Cuban children re-enact the nativity scene in front of the Havana cathedral before a Christmas choral concert.
Photo: AP/Wide World
Christians the world over celebrate December 25 as Christmas, the anniversary of the birth of Christ. It is a joyous holiday, marked by family gatherings, colorful decorations, traditional songs, and the exchange of gifts. Many people also take part in special religious services.

The name “Christmas” comes from the Old English Christes Maesse, or “Christ’s Mass.” The story of Christmas is told in the Bible. The Gospels of Saint Matthew and Saint Luke tell how Jesus was born in Bethlehem, how angels announced his birth to shepherds outside the town, and how a bright star led the three Wise Men to him. But the Gospels do not tell the date of Christ’s birth. It is thought that December 25 was chosen because it was around the time of various pagan festivals, such as the Roman Saturnalia.

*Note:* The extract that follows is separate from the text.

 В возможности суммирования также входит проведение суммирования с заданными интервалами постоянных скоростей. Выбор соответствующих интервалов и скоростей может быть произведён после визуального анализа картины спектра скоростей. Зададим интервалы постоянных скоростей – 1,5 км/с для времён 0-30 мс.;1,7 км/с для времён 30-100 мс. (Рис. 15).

These festivals marked the winter solstice, the time of year when days begin to grow longer in the Northern Hemisphere. Many Christmas customs are thought to have begun with practices associated with these pagan festivals.

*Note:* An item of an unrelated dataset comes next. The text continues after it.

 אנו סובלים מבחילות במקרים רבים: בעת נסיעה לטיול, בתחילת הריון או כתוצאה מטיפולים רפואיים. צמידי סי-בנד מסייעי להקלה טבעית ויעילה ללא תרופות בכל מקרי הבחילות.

The early Christian churches were divided over when to celebrate Christmas. The Western church, based in Rome, chose December 25, while the Eastern church chose January 6. Eventually the holidays merged, and Christmas was celebrated in a twelve-day festival that included both days. Today only the Armenian church observes Christmas on January 6. In other churches, this day is known as Epiphany and is said to mark either the visit of the Wise Men or (in Eastern churches) Christ’s baptism. But to many people, the Christmas season extends for an even longer time”from the end of November through New Year’s Day.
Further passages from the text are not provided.